Всё же, посещениями вечеров Барабашев себя не утруждал, да и откровенно не имел достаточно манер. Будто воплощая собой анекдот о фабричнике, Пётр Алексеевич излишней вежливости не терпел (пусть и не был до вульгарности груб), праздного пустословия не знал, на французском говорил с ошибками и на шею галстуков не вязал. «Monsieur Barbachév, une partie parfaite!»3, – поучали мамаши дебютанток. А те только знай хихикали: «Quel4 мужлан! Он, верно, с самого рождения чёрен и небрит. O, maman, c'est dégouté!5 Взгляд дикий, ах, как невежливо они на нас смотрят!». Впрочем, Барабашев всегда был скрыт от женских толков за спинами господ, что убеждали себя в неравнодушии к индустриальной революции, или увлекаем в кулуары, где за его мнение о политическом пути государства наливали коньяку.

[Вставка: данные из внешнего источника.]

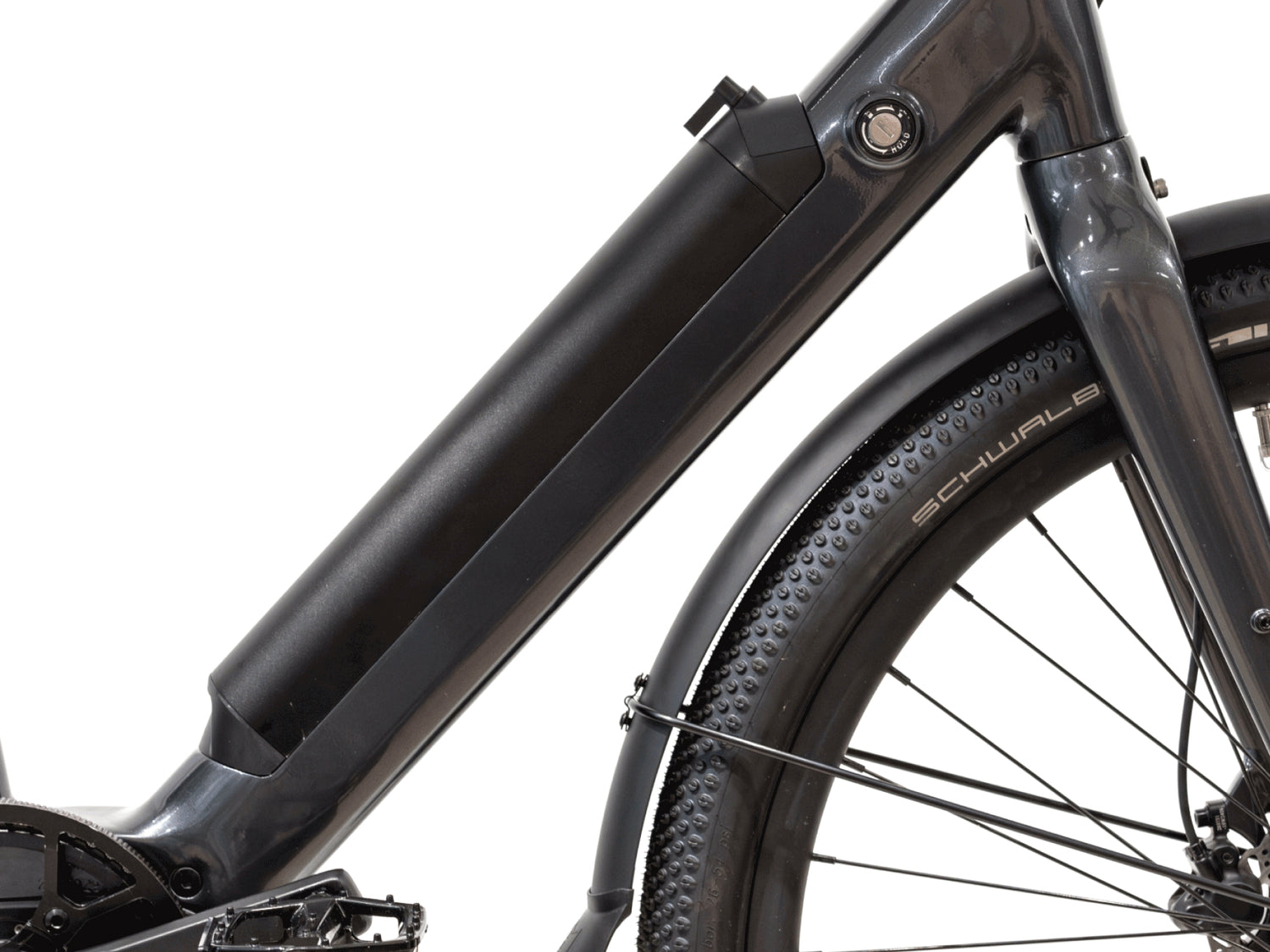 A battery thats easily removable and integrated with the frame of the bike. Choose from two batteries, ride up to 100 km on a single charge. Take it off, take it indoors, charge it up, head off. Beautifully simple. Easy to replace, easy to upg

Со временем, впрочем, к вящему своему удивлению Пётр Алексеевич открывал пользу в таком времяпровождении, сообразно расцвету идеи о спасении страны через модернизацию заводского дела и примериванию на себя роли спасителя. Метафизическое мышление забывалось, и находил учёный – ныне практик – что именно связи, а не первопричина, формируют лик события и делают такие события возможными, и связями этими с удовольствием пользовался. Собственно, потому теперь Барабашев трясся в тарантасе: из косых взглядов и подмигиваний, из шёпота на ушко и низкого сипенья «по секрету» складывалось, что именно в этот час и именно здесь готова земля к принятию его, Барабашинского, зерна истины – чудо-предприятия, созданного не на авось, а рассчитанного по науке, выведенного из наблюдения, обучения, точёного ошибками – которому надлежало взрасти и благодаря новостроенной железной дороге, сходно пырею, заполнить собою солончаки, что ныне звались в России промышленностью.

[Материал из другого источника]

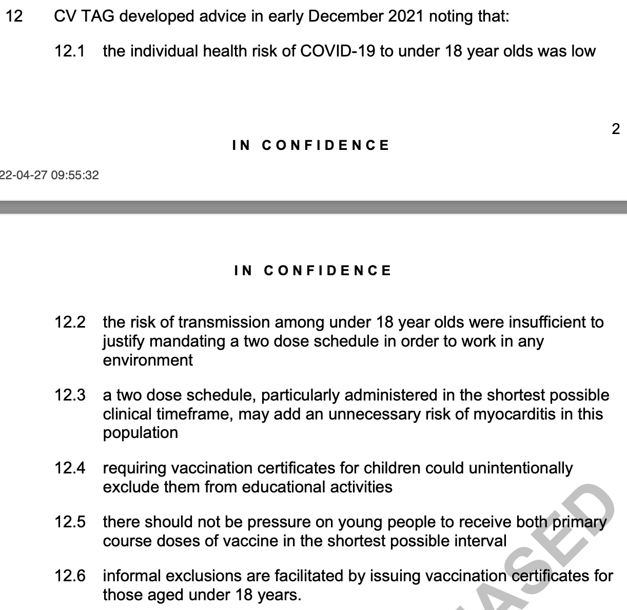 So when he stood up on 6 April 2022 and celebrated free boosters (a third dose) for 16 and 17 year olds, it followed a Cabinet paper in his own name that had already acknowledged the low COVID risk to under-18s, the lack of transmission justification for a two-dose requirement, and the possibility of unnecessary myocarditis risk in this population.11

Миновав Кунгур, Барабашев лишь больше убеждался в скором фабричном упадничестве: угадывалось оно в скрипе тачек с кривыми осями, в промятых воротах, в удушливом дыму, в непокрытых курганистых складах – во всём том, что окружало устаревшие заводские цеха, разбросанные по уральскому краю.
– Оно в Углицке-то, глядишь, и получше…. Там-то, знаете, уголь копают, и мелют уголь, а с углём-то оно же всяко лучше, чем без него, так? – разражался Николушка, скрадывая тяжкую Барабашинскую думу.
– Так не работает, Николай Ефимович. Уголь ведь добывают не только в Углицке.
– Взять название, так выходит, что только там.
– Кроме того, топливо не есть панацея, спасение хиреющих фабрик.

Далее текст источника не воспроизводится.